Is MultiTerm really that hard to learn?

Learning MultiTermSomething we see some users of SDL products saying, and often non-users even promoting, is that MultiTerm is a complex product and very hard to use.  Is this true?  Well if I’m honest there probably isn’t any smoke without fire… but perhaps this is really all down to a lack of good documentation with plenty of examples to explain how to do things?  Or perhaps this is down to converting spreadsheets or other formats into MultiTerm format; so specific operations rather than simply being able to use MultiTerm itself?  Certainly MultiTerm Convert, which you need to use in order to create a termbase from another format can be quite complicated if you don’t understand a little about the structure of a termbase in MultiTerm.  If you only want a simple glossary the entire process is much simplified thanks to the Glossary Converter available free through the Open Exchange… but is this enough and does this represent a majority of usecases?

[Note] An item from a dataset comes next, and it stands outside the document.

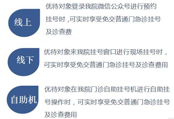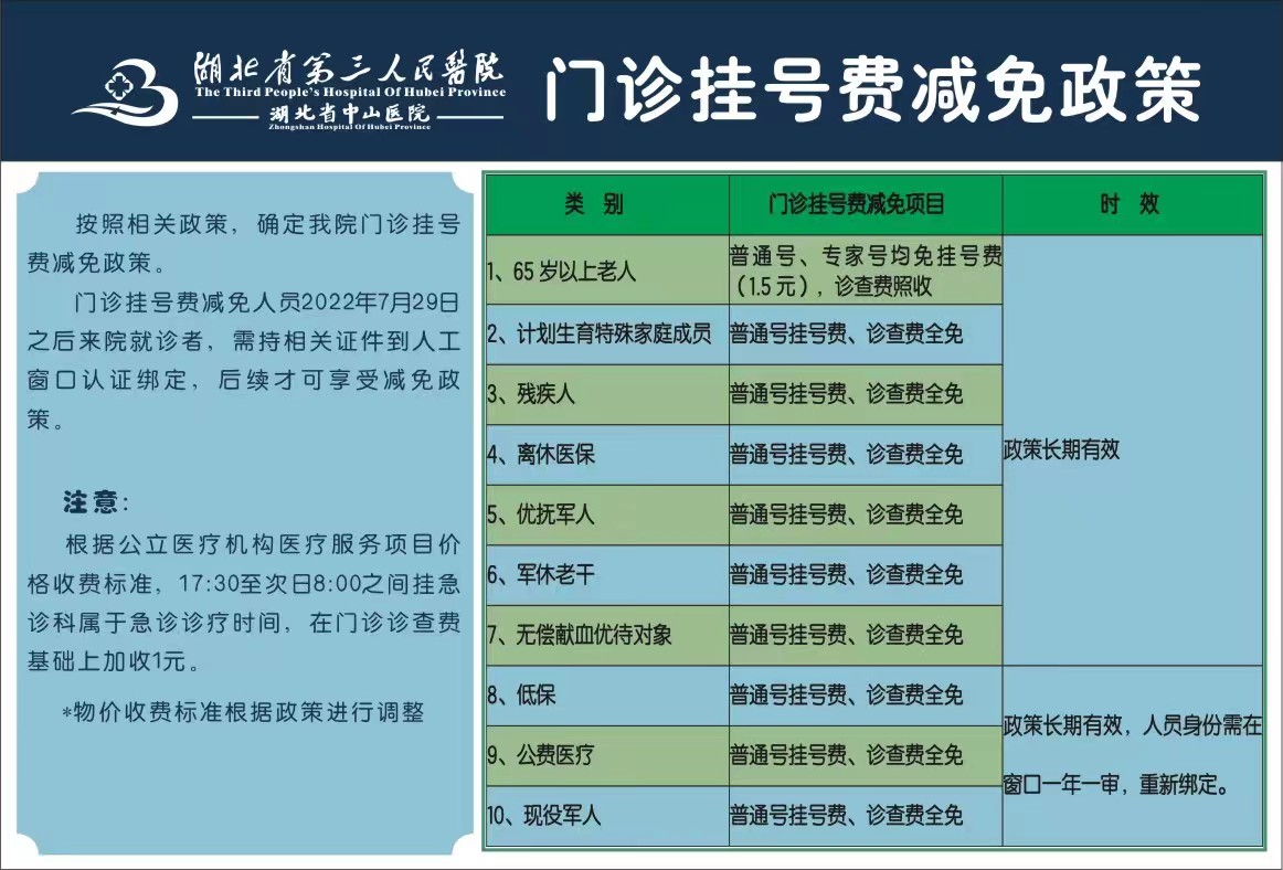 按照相关政策,为体现对特殊群体的人文关怀,我院对65周岁以上老年人、计划生育特殊家庭成员、残疾人、离休医保、优抚军人、现役军人、军休老干、低保、公费医疗人员给与普通门急诊挂号费减免,具体见下图。首次来我院就诊需到人工窗口认证绑定。

There are some interesting comments about the need for better documentation for MultiTerm in a blog article written this week by Corinne McKay as she reviewed a manual for Studio written by Mats Linder.  I don’t think there is any doubt that MultiTerm is an extremely capable application and it’s probably the most widely used and comprehensive terminology tool on the market today both as a desktop application and for sharing work through the server version as part of SDL GroupShare.  So why do we see these comments and are they correct?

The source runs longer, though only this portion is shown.